1 - The OLEDB provider is initiated on Server A, Server B sees it as a normal connection and query, it doesn't know that Sever A is a SQL Server, it's just a client to it.
2 - The query is executed on both. Server A passes the query to Server B which executes it, then Server A works with the results. The optimizer comes into play on both, but can't talk to the other servers.
Given a query of no complexity the performance will be equivalent. However, when you start getting into complex queries or large datasets, you will see performance gains by fetching just what you need from Server B into a temp table and then using that with the data contained on Server A. (Assuming you need to mix and match data across servers). Essentially, with the OPENQUERY syntax, you pass the query as a whole to server B (hopefully including a where clause) which then returns data to Serer A. With the four part naming, you have no control and the optimizer rapidly will decide to just fetch all of the data in the table from Server B and then eliminate based on other criteria (joins, where, etc.).
3 - The result is not cached (except as SQL caches data normally). Unless you store the results from the linked server query into a temp table somewhere.
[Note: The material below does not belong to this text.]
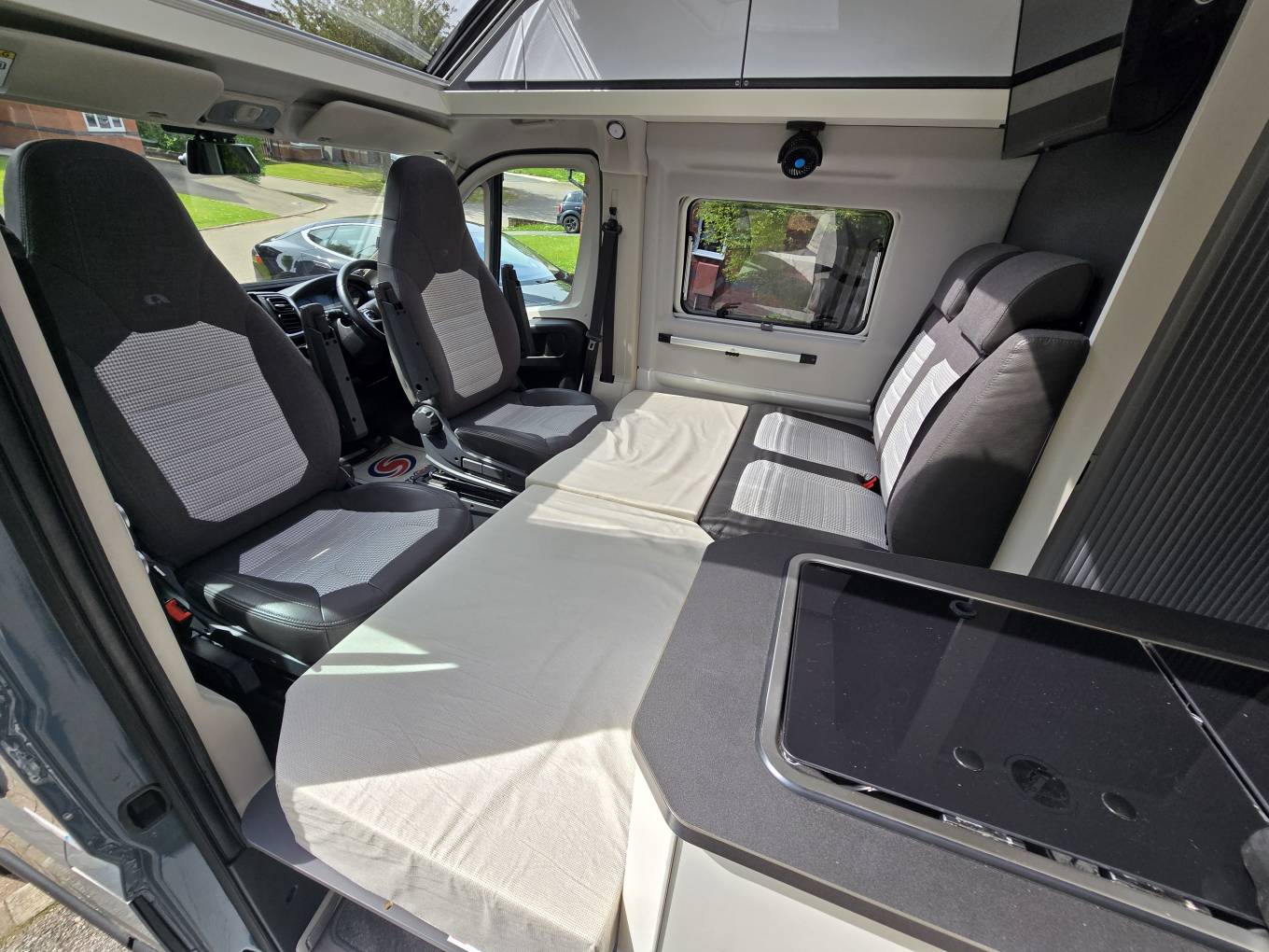 This is 3 berth with 4 travelling seat belts, based on a fiat Ducato 2.2 engine with a 9 speed Automatic transmission. A maximum gross weight of 3500kgs meaning anyone can drive this vehicle with a standard UK driving license. The length of this van is 5.998M

4 - If you are familiar with how applications connect to a database and execute queries then the process is very similar. Except for authentication differences it's the same, just that it allows for easily mixing and matching data from multiple servers into a single result set. But your performance will depend greatly on how much data is pulled from Server B and staying aware of the optimizer's limited ability to prevent you from pulling the entire table from Server B, even if you only ended up needing 5 of those rows.